The carbon was captured at the Ineos oxide plant in Antwerp, liquefied and transported by ship to the Danish port of Esbjerg. It is a global first in for cross-border offshore CO2 storage to mitigate climate change, Ineos said. The first storage is of around 15,000 t/CO2, to prove viability, the consortium said. "It's the first time we see a full value chain", Wintershall chief executive Mario Mehren said today.
The consortium must still submit a development plan for approval to the Danish government. This could be ready late this year, Greensands project director Soren Reinhold Poulsen said. The Danish government awarded Wintershall and Ineos a CO2 storage permit for the pilot phase last month. The process had to be "close to" carbon-neutral in order to be granted the permit, Ineos said. But the exact emissions calculations of liquefying and transporting the CO2 have not yet been made, because the project is not yet at a commercial stage, Ineos Energy chief executive David Bucknall said.
Wintershall and Ineos head the 23 companies which make up the Greensands consortium. The Danish government awarded the project a grant of around €25mn ($26mn), which allowed the companies to complete the pilot phase, Ineos said.
But further government help is needed to create frameworks and policy for the CCS sector, for both the capture and storage aspects, executives said. "Governments will have to put in place incentives", Ineos Energy executive chairman Brian Gilvary said today.
The European commission will later this year publish a "comprehensive strategy" on carbon capture, usage and storage, commission president Ursula von der Leyen said today. "We need to remove carbon", on top of mitigation efforts, she added.
And a first tendering project for capturing CO2 in Denmark will launch "in the months to come", with more to follow, Danish energy minister Lars Aagaard said. "There is no chance in hell that we will meet [Paris targets] without CO2 storage", he added.

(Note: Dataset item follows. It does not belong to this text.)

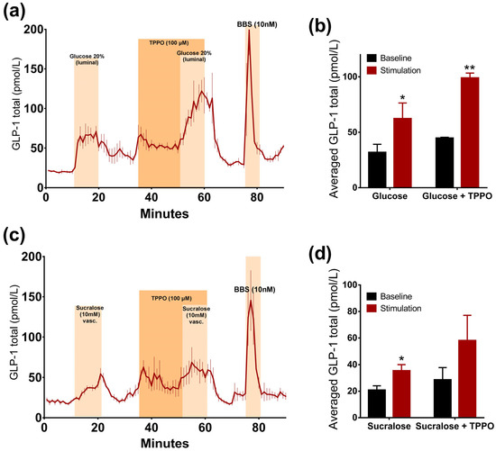 Sucralose-induced GLP-1 secretion was not reduced in the presence of the TRPM5 inhibitor TPPO. There was no significant difference between the responses to the administration of sucralose alone or sucralose concomitantly with TPPO, when comparing the baseline-subtracted responses (p = 0.11). Sucralose increased GLP-1 levels by around two times when infused alone or together with TPPO (sucralose: 35.4 ± 2.7 pmol/L vs. baseline 1: 20.7 ± 1.9 pmol/L, p < 0.05; sucralose + TPPO: 58 ± 11 pmol/L vs. baseline 2: 28.6 ± 2.3 pmol/L, p = 0.07, n = 3, Figure 4c,d). Interestingly, TPPO increased GLP-1 secretion when given alone (Figure 4).

A final investment decision for Greensands is planned for the first half of 2024, and the project could start up in 2025.

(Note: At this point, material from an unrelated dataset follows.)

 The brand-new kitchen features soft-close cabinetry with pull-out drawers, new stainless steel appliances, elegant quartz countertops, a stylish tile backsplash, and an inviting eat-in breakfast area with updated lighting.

The cross-border transport required a bilateral agreement between Belgium and Denmark, as cross-border transport of CO2 for subsea storage is otherwise prohibited by the London Protocol. An amendment to the Protocol allows the cross-border transport of CO2 for long-term storage, but has not been ratified by sufficient signatories.
"Denmark is likely to become one of the carbon sinks of the world", owing to CCS, Gilvary said. Speakers pointed to the country's geological advantages for CCS, noting that European heavy emitters such as Germany could store carbon in North Sea sites. "We're in contact with German emitters" that need abatement solutions, Wintershall chief technology officer Hugo Dijkgraaf said today.